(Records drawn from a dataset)
>>>

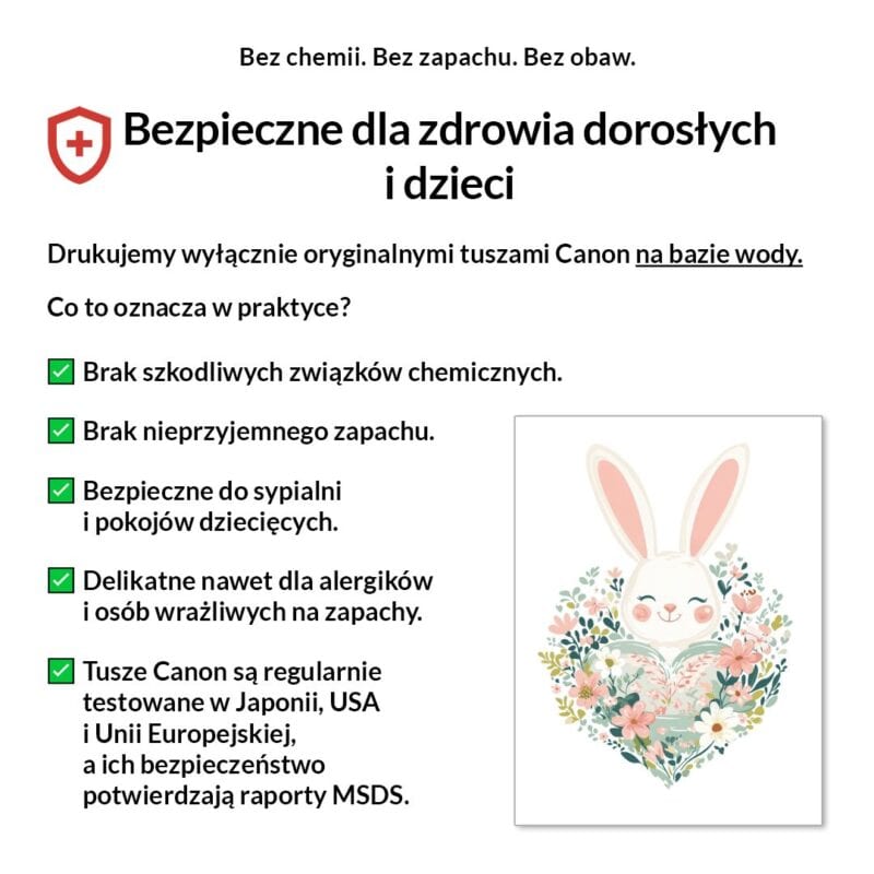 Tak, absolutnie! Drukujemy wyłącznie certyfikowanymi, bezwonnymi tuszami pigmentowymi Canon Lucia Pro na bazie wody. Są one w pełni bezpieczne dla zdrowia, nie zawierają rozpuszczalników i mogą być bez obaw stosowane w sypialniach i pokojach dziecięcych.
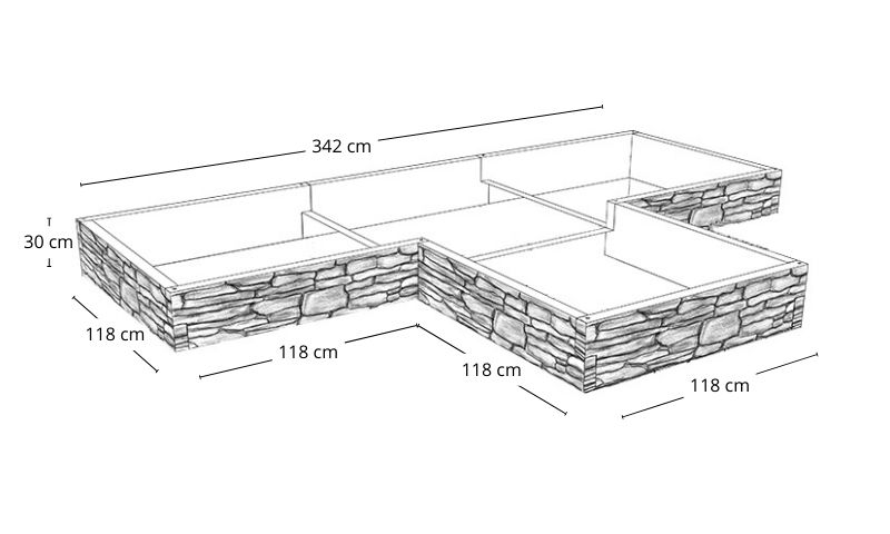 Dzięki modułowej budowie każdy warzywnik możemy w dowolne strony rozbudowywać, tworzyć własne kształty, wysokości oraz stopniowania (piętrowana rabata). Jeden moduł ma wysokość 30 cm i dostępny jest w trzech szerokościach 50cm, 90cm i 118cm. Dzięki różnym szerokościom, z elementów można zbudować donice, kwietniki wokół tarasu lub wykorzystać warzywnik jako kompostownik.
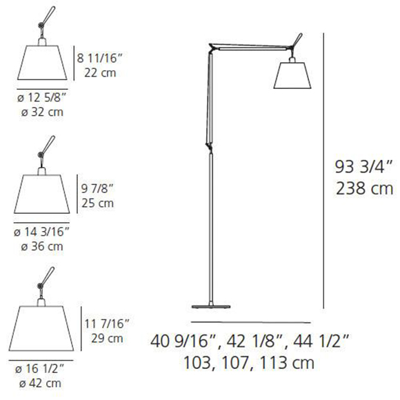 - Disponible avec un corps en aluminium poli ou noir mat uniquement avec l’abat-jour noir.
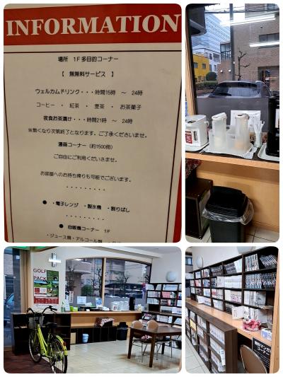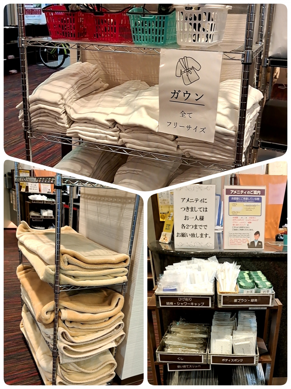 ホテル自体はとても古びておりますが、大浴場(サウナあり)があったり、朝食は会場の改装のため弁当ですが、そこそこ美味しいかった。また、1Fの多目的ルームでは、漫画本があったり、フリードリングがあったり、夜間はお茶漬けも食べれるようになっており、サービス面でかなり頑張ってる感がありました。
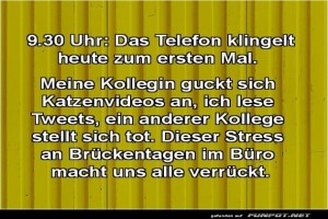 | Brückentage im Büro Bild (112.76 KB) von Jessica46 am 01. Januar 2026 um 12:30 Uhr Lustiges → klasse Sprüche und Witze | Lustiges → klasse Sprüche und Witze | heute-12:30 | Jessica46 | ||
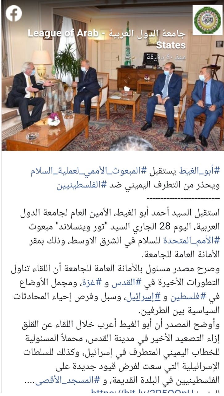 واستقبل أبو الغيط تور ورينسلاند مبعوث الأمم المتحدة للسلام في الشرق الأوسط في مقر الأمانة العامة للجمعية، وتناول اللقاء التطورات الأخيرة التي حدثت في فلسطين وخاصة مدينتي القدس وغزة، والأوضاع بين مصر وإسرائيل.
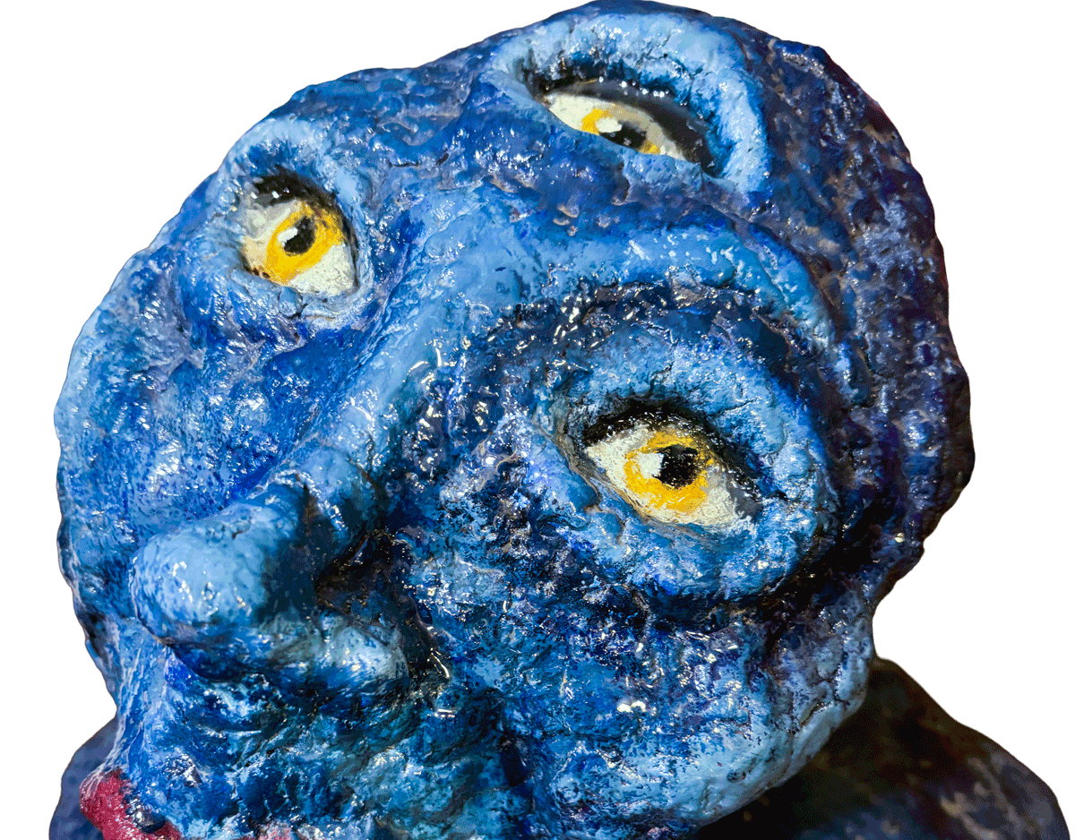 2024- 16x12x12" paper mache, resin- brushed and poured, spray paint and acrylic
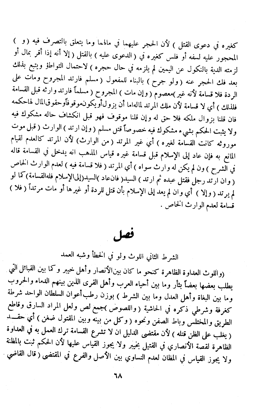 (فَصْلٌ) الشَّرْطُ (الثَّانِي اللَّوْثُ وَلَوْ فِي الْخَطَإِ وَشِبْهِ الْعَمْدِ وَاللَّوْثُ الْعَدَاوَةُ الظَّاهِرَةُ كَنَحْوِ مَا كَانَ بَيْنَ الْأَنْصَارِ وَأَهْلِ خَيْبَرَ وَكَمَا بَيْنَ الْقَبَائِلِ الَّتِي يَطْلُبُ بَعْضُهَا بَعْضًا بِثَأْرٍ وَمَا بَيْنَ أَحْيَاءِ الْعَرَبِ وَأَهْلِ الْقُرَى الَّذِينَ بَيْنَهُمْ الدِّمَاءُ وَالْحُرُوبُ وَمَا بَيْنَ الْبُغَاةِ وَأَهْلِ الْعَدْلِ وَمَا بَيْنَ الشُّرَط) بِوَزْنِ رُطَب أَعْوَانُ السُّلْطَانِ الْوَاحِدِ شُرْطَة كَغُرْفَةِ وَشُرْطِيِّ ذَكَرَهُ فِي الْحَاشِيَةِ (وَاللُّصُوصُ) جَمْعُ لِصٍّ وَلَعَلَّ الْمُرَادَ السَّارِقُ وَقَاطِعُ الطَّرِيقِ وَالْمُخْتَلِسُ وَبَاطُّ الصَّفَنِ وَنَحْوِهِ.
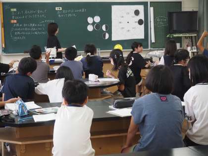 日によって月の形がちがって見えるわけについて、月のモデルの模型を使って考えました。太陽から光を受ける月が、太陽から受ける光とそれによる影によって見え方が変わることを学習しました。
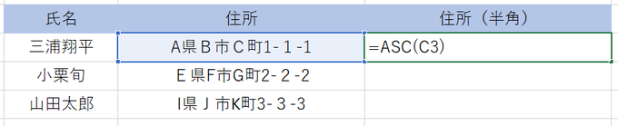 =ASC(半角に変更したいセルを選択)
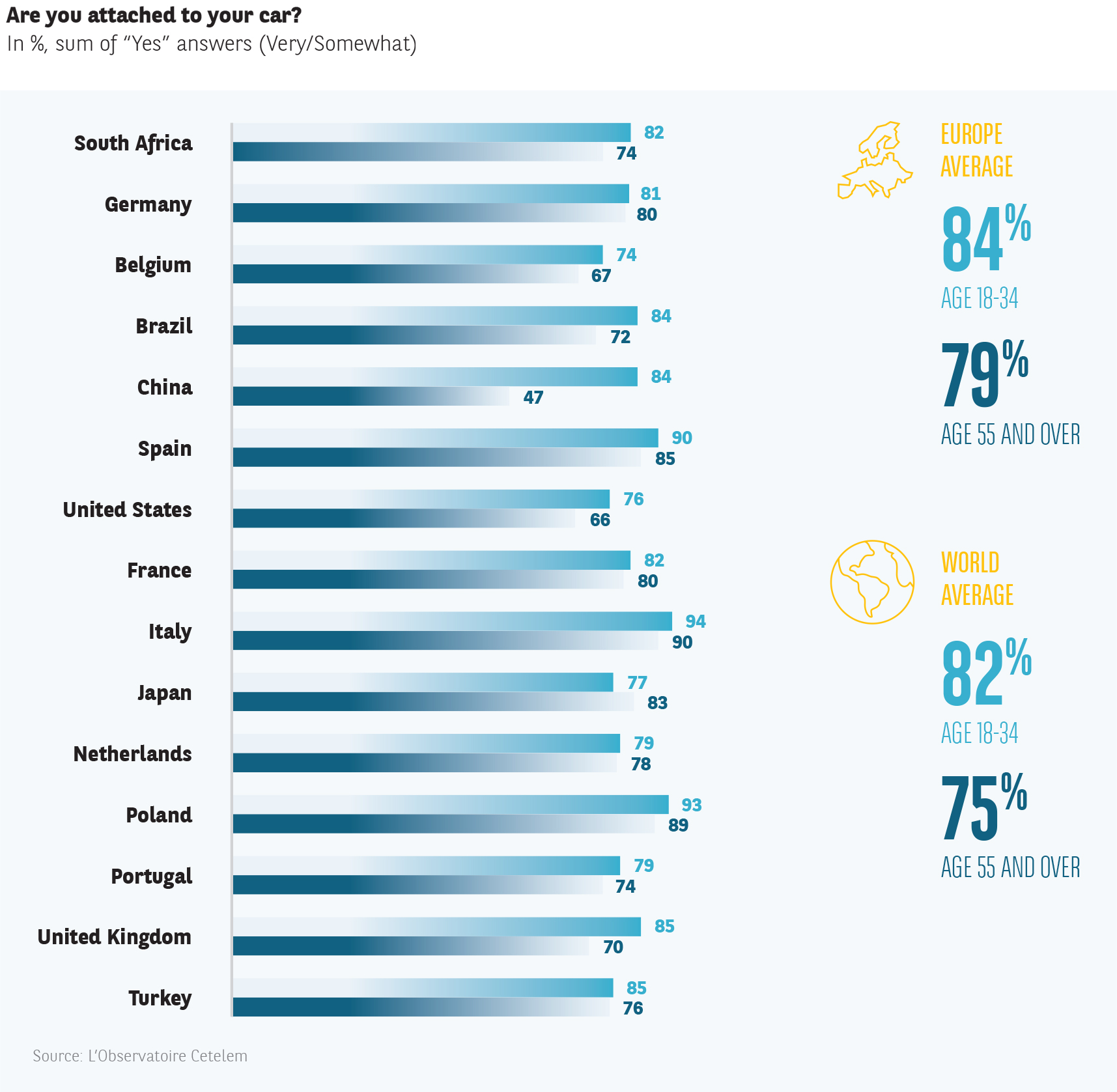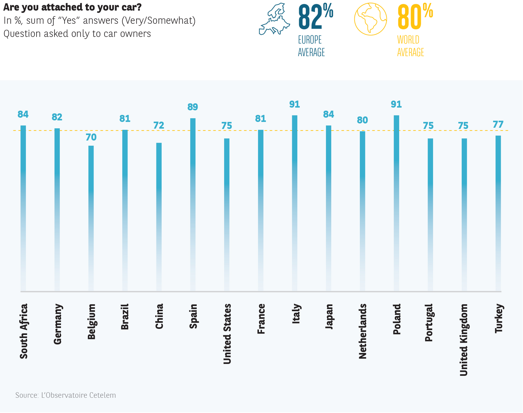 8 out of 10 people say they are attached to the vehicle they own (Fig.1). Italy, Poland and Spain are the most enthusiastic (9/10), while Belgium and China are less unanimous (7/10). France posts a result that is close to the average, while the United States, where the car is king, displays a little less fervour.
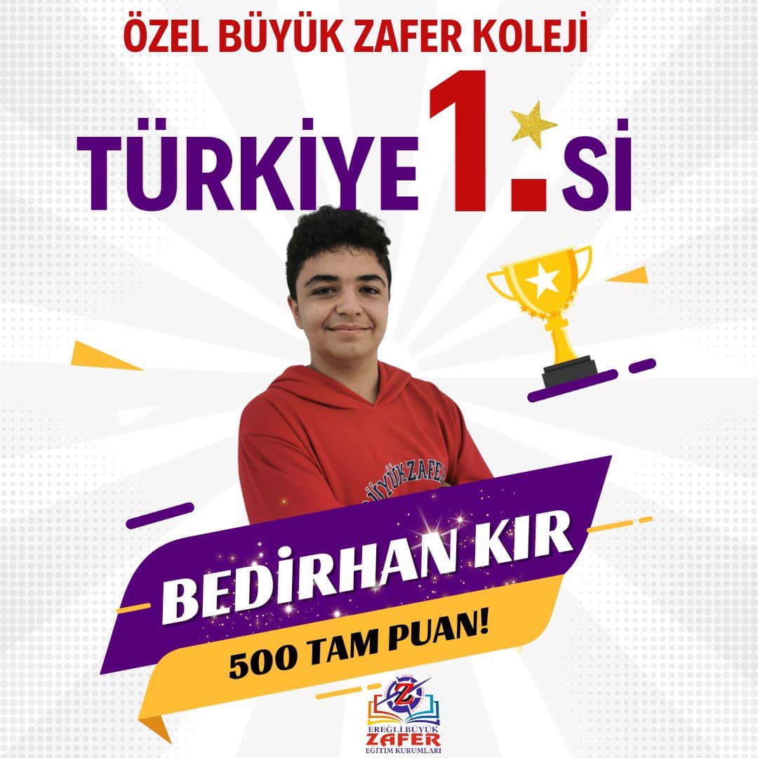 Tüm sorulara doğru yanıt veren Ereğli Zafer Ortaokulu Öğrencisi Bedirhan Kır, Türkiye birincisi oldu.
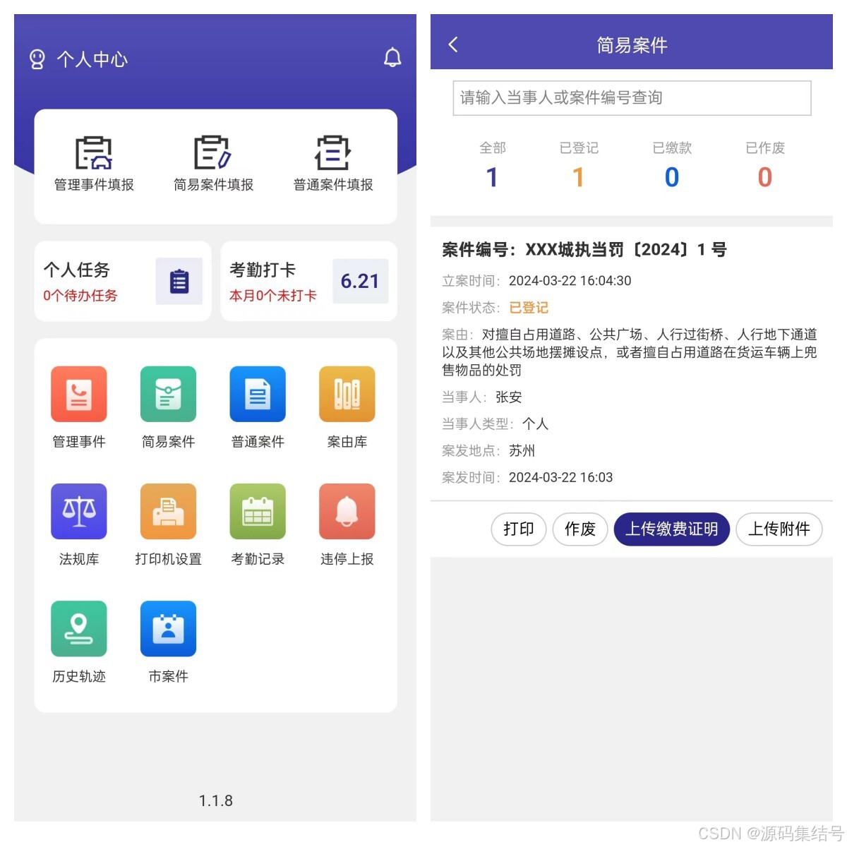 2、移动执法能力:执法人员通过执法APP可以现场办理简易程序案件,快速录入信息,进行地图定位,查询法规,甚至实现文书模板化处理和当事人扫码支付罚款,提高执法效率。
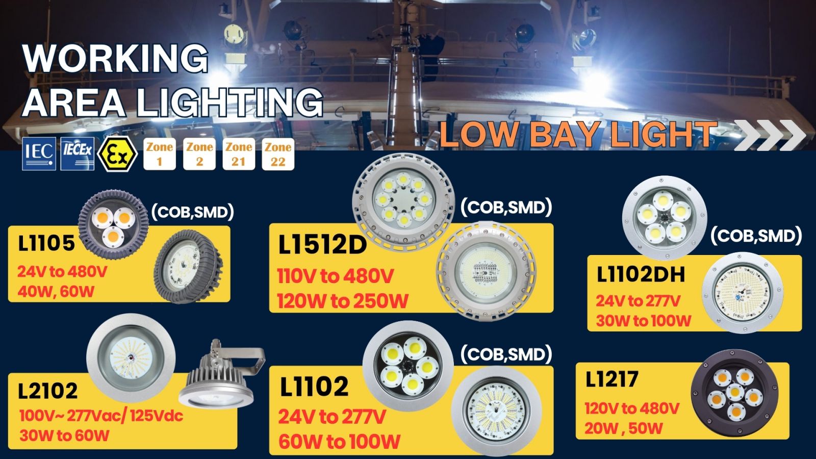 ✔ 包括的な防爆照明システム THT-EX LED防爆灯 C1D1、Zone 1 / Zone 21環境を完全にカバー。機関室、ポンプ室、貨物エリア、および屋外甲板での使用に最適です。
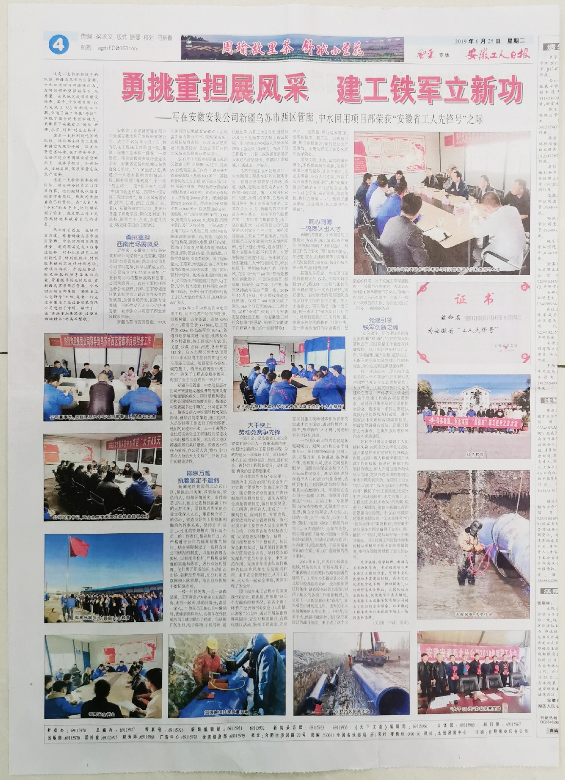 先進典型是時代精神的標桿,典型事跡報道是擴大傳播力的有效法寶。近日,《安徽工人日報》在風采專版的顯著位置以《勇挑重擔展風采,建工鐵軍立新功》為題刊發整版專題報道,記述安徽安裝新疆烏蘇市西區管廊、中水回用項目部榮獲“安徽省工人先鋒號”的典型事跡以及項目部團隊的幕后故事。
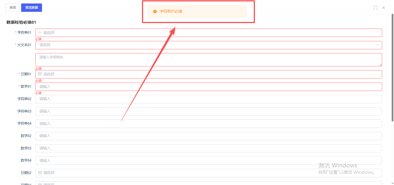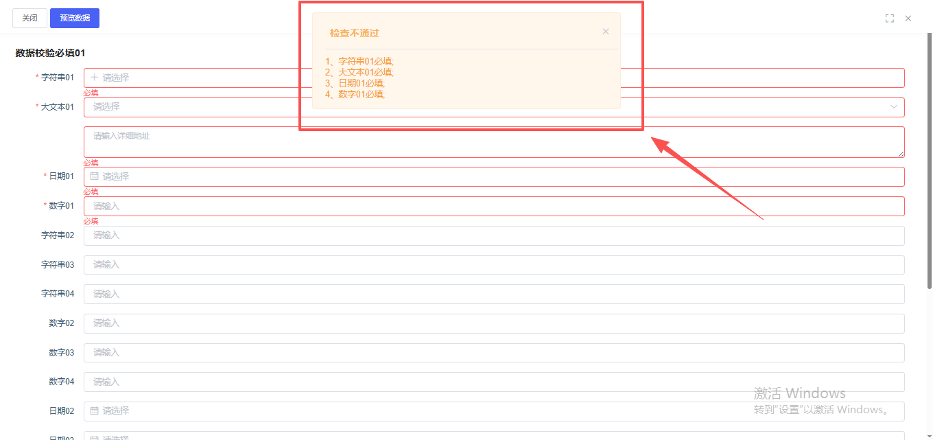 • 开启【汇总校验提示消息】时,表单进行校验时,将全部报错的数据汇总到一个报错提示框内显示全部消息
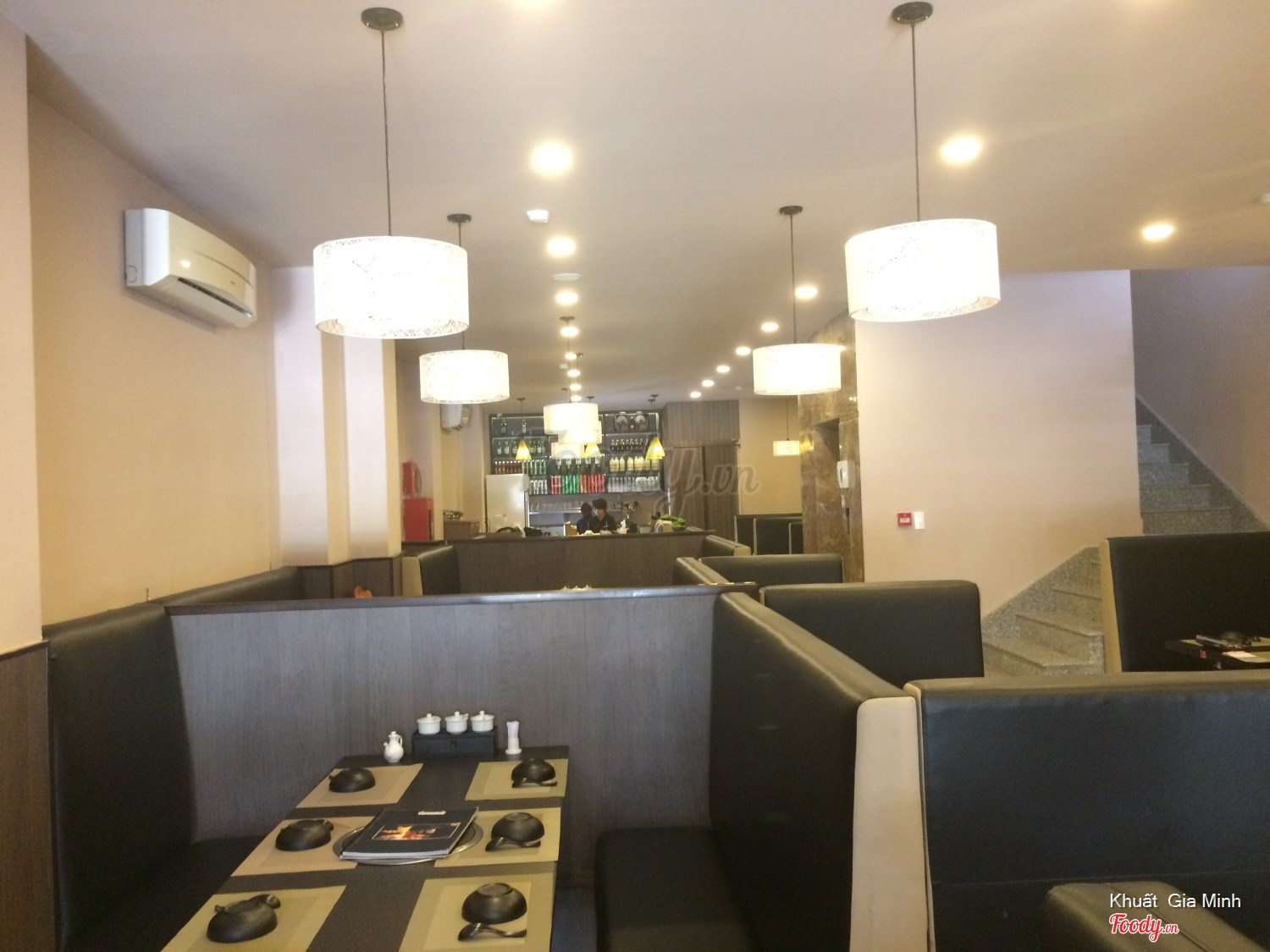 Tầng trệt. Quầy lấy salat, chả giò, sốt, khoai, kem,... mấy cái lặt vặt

<<<

■ **TO DO**: Using the entries above, reproduce word for word only the lines from the one that contains "Dzięki modułowej budowie" to the one that contains "Jessica46 | ||", both ends included, and drop every picture.

■ **YOUR RESPONSE**:
 Dzięki modułowej budowie każdy warzywnik możemy w dowolne strony rozbudowywać, tworzyć własne kształty, wysokości oraz stopniowania (piętrowana rabata). Jeden moduł ma wysokość 30 cm i dostępny jest w trzech szerokościach 50cm, 90cm i 118cm. Dzięki różnym szerokościom, z elementów można zbudować donice, kwietniki wokół tarasu lub wykorzystać warzywnik jako kompostownik.
 - Disponible avec un corps en aluminium poli ou noir mat uniquement avec l’abat-jour noir.
 ホテル自体はとても古びておりますが、大浴場(サウナあり)があったり、朝食は会場の改装のため弁当ですが、そこそこ美味しいかった。また、1Fの多目的ルームでは、漫画本があったり、フリードリングがあったり、夜間はお茶漬けも食べれるようになっており、サービス面でかなり頑張ってる感がありました。
 | Brückentage im Büro Bild (112.76 KB) von Jessica46 am 01. Januar 2026 um 12:30 Uhr Lustiges → klasse Sprüche und Witze | Lustiges → klasse Sprüche und Witze | heute-12:30 | Jessica46 | ||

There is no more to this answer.